I have discovered (the existence of) drake
, and am contemplating conversion of my projects that are heaps of R scripts and Rmd documents, with some that have simple makefile
like
# build the whole project
all: merged.Rds report.pdf
# process the input data
merged.Rds: merge-data.R file1.csv file2.csv
Rscript merge-data.R
# compile the output file from Markdown
report.pdf: merged.Rds report.Rmd
Rscript -e "rmarkdown::render(‘report.Rmd’)"
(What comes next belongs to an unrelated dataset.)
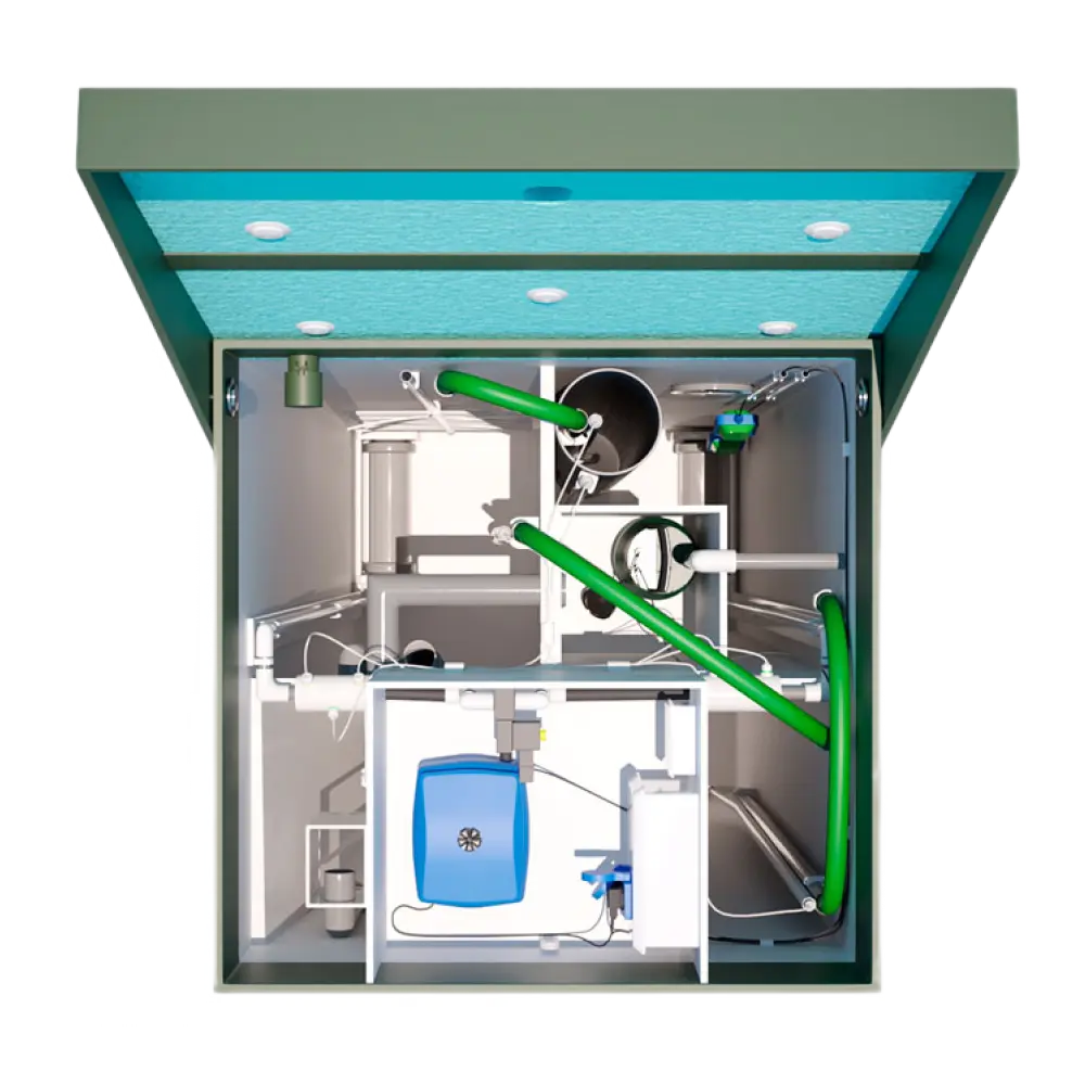 Для дома на 10 человек, расположенного в условиях, когда стандартные модели неэффективны — высокий УГВ, склон, низкая точка установки. Позволяет установить станцию глубоко и отводить воду вверх.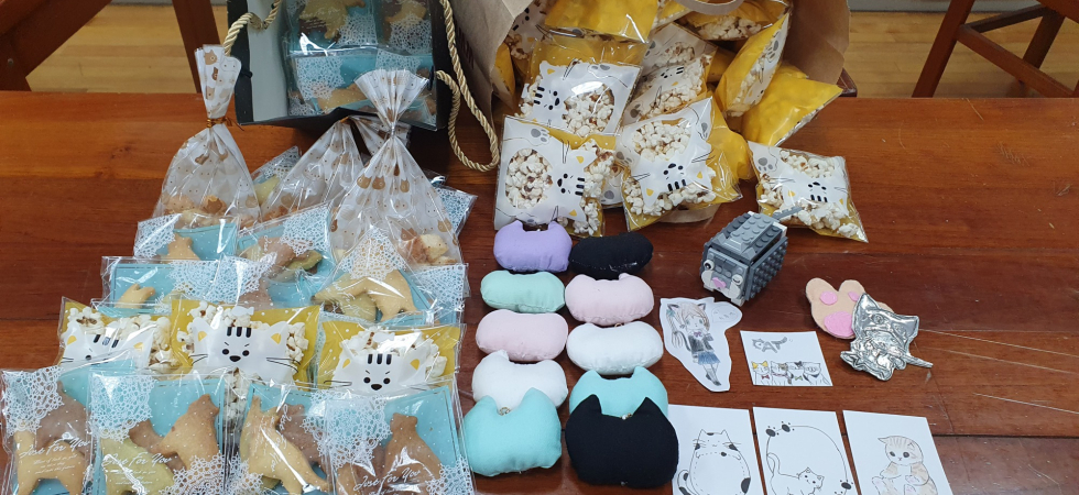 「喵喵指名餅乾」配合本校明水時間(由學生自由選擇主題類似小論文的課程),製作出貓咪形狀的手工餅乾義賣。

# clean up -- delete unneeded files
clean:
rm -fv merged.Rdata
This would seem to correspond to a drake_plan
like this:
plan <- drake_plan(
merged_data = source("merge-data.R"),
report = rmarkdown::render(kintr_in("report.Rmd"))
}
However this syntax loses the dependency of merged_data
on file1.csv
and file2.csv
. In high brow terms, we call source()
for its side effects of creating files, declaring functions (and drake_example("main")
is arguably guilty of that too as one has to call functions.R
exclusively for that sort of a side effect).
I thought of a very klunky fix along the lines of
plan <- drake_plan(
merged_data = withAutoprint({
readLines( file_in( "file1.csv" ) )
readLines( file_in( "file2.csv" ) )
source("merge-data.R")
saveRDS( merged, file = file_out( "merged.Rds" ) )
}),
report = rmarkdown::render(knitr_in("report.Rmd"))
)
with the expectation that knitr_in()
will figure out that report.Rmd
loads up the merged file. But drake::make()
stumbles upon source()
... of all things... and cannot find the source for that.
I want to convert stuff with minimal effort, and without really doing anything inside the existing scripts, so that my collaborators could continue running them as is.
I reasonably expect that @krlmlr has a very good answer to this
P.S. Toy example:
library(here)
tb1 <- tibble( i=1, x=1 )
tb2 <- tibble( i=1, y=1 )
write.csv(tb1, file=here("file1.csv"), row.names = FALSE )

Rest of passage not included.